5 YEARS LATER, CALLANISH, ISLE OF LEWIS

M aggie stood on the beach looking out to sea. The vast, open ocean always filled her with both contentment and longing.

“Penny for your thoughts, Maggie May,” Len said, taking her arm and squeezing her close.

Maggie shook her head and smiled. She couldn’t put into words what she’d been thinking.
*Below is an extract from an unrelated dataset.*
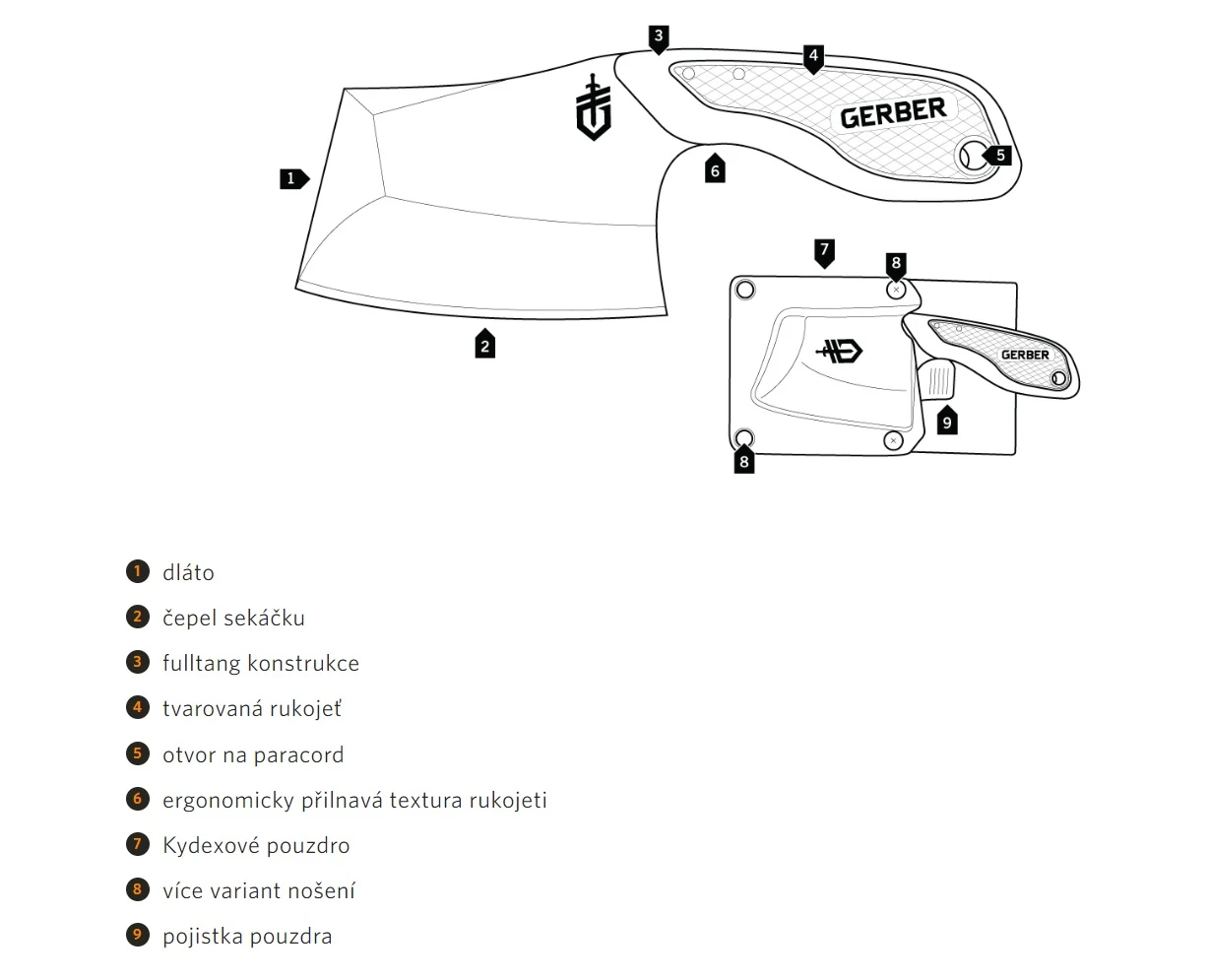 Gerber Tri-Tip Mini Cleaver: mini sekáček od Amerického výrobce, vhodný do lesa i do kuchyně. Hodí se pro vícero způsobů používání. Sekáček je dodáván s kydexovým pouzdrem, díky kterým můžete sekáček nosit dvěma způsoby - rukojetí nahoru, nebo dolů.

That was what feelings were invented for.

“I suspect,” Jory answered instead, taking Maggie’s other arm, “she’s contemplating the sailor who keeps doing that to her.” She nodded at Maggie’s belly, which was only just beginning to swell. No one else had noticed yet, except for Bash.

“Goodness,” Len teased. “When do you plan on stopping? You’ll soon be quite outnumbered. You know we don’t need a christening as an excuse for a visit.”

“Bash says he wants eleven,” Maggie giggled, delighting in the way her cousin winced and her sister’s eyes bugged out.

“Mercy,” Jory said.

“Well,” Len told her, “at least there’s plenty of room for them to run wild here but still be somewhat contained.”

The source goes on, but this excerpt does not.